= Positive illusions =

Unrealistically favorable attitudes

Positive illusions are unrealistically favorable attitudes that people have towards themselves or to people that are close to them. Positive illusions are a form of self-deception or self-enhancement that feel good, maintain self-esteem, or avoid discomfort, at least in the short term. There are three general forms: inflated assessment of one's own abilities, unrealistic optimism about the future, and an illusion of control. The term "positive illusions" originates in a 1988 paper by Shelley E. Taylor and Jonathon D. Brown. Taylor and Brown's model of mental health maintains that certain positive illusions are highly prevalent in normal thought and predictive of criteria traditionally associated with mental health.

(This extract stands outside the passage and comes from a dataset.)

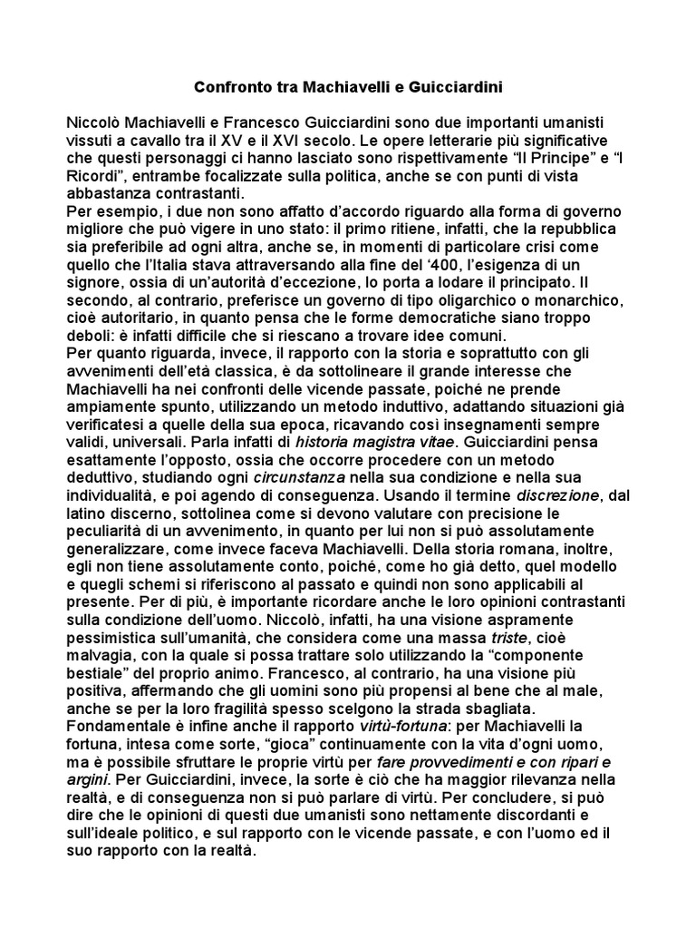 il XV e il XVI secolo. Le opere letterarie pi significative che questi personaggi ci hanno lasciato sono rispettivamente Il !rincipe" e I #icordi"$ entram%e focali&&ate sulla politica$ anche se con punti di vista a%%astan&a contrastanti. !er esempio$ i due non sono affatto d'accordo riguardo alla forma di governo migliore che pu vigere in uno stato( il primo ritiene$ infatti$ che la repu%%lica sia preferi%ile ad ogni altra$ anche se$ in momenti di particolare crisi come quello che l'Italia stava attraversando alla fine del )*++$ l'esigen&a di un signore$ ossia di un'autorit, d'ecce&ione$ lo porta a lodare il principato. Il secondo$ al contrario$ preferisce un governo di tipo oligarchico o monarchico$ cio- autoritario$ in quanto pensa che le forme democratiche siano troppo de%oli( - infatti difficile che si riescano a trovare idee comuni. !er quanto riguarda$ invece$ il rapporto con la storia e soprattutto con gli avvenimenti dell'et, classica$ - da sottolineare il grande interesse che Machiavelli ha nei confronti delle vicende passate$ poich. ne prende ampiamente spunto$ utili&&ando un metodo induttivo$ adattando situa&ioni gi, verificatesi a quelle della sua epoca$ ricavando cos/ insegnamenti sempre validi$ universali. !arla infatti di historia magistra vitae. Guicciardini pensa esattamente l'opposto$ ossia che occorre procedere con un metodo deduttivo$ studiando ogni circunstanza nella sua condi&ione e nella sua individualit,$ e poi agendo di conseguen&a. 0sando il termine discrezione$ dal latino discerno$ sottolinea come si devono valutare con precisione le peculiarit, di un avvenimento$ in quanto per lui non si pu assolutamente generali&&are$ come invece faceva Machiavelli. 1ella storia romana$ inoltre$ egli non tiene assolutamente conto$ poich.$ come ho gi, detto$ quel modello e quegli schemi si riferiscono al passato e quindi non sono applica%ili al presente. !er di pi$ - importante ricordare anche le loro opinioni contrastanti sulla condi&ione dell'uomo. Niccol$ infatti$ ha una visione aspramente pessimistica sull'umanit,$ che considera come una massa triste$ ciomalvagia$ con la quale si possa trattare solo utili&&ando la componente %estiale" del proprio animo. Francesco$ al contrario$ ha una visione pi positiva$ affermando che gli uomini sono pi propensi al %ene che al male$ anche se per la loro fragilit, spesso scelgono la strada s%agliata. Fondamentale - infine anche il rapporto virt-fortuna( per Machiavelli la fortuna$ intesa come sorte$ gioca" continuamente con la vita d'ogni uomo$ ma - possi%ile sfruttare le proprie virt per fare provvedimenti e con ripari e argini. !er Guicciardini$ invece$ la sorte - ci che ha maggior rilevan&a nella realt,$ e di conseguen&a non si pu parlare di virt. !er concludere$ si pu dire che le opinioni di questi due umanisti sono nettamente discordanti e sull'ideale politico$ e sul rapporto con le vicende passate$ e con l'uomo ed il suo rapporto con la realt,.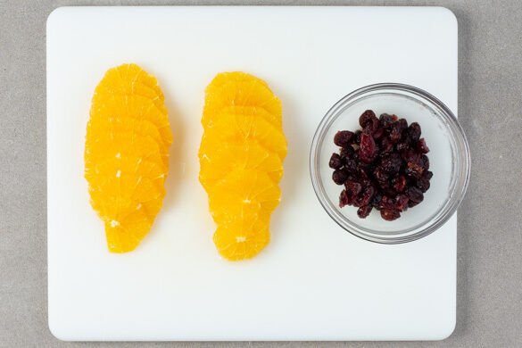 In der Zwischenzeit die Orange mit einem Messer so schälen, dass auch die weiße Haut entfernt wird. Dann das Fruchtfleisch in dünne Scheiben schneiden und evtl. vorhandene Kerne entfernen. Die Cranberrys durch ein Sieb abgießen.

There are controversies about the extent to which people reliably demonstrate positive illusions, as well as whether these illusions are beneficial to the people who have them.

==Types==
In the above-average effect, people regard themselves more positively than they regard others and less negatively than others regard them. Positive attributes are judged to be more descriptive of themselves than of an average person, whereas negative ones are judged to be less descriptive of themselves than of an average person. Despite the fact that it is statistically impossible for most people to be superior to their peers, rather than being equally aware of ones strengths and weaknesses, people are more aware of their strengths and not very aware of their weaknesses. This effect has been widely recognized across traits and abilities including the different abilities of driving, parenting, leadership, teaching, ethics, and general health. This effect is also evident in memory; most people also tend to perceive their ability to remember as better than it actually is.

The illusion of control is an exaggerated assessment of the individual's personal control over environmental circumstances such as the roll of dice or flip of coin.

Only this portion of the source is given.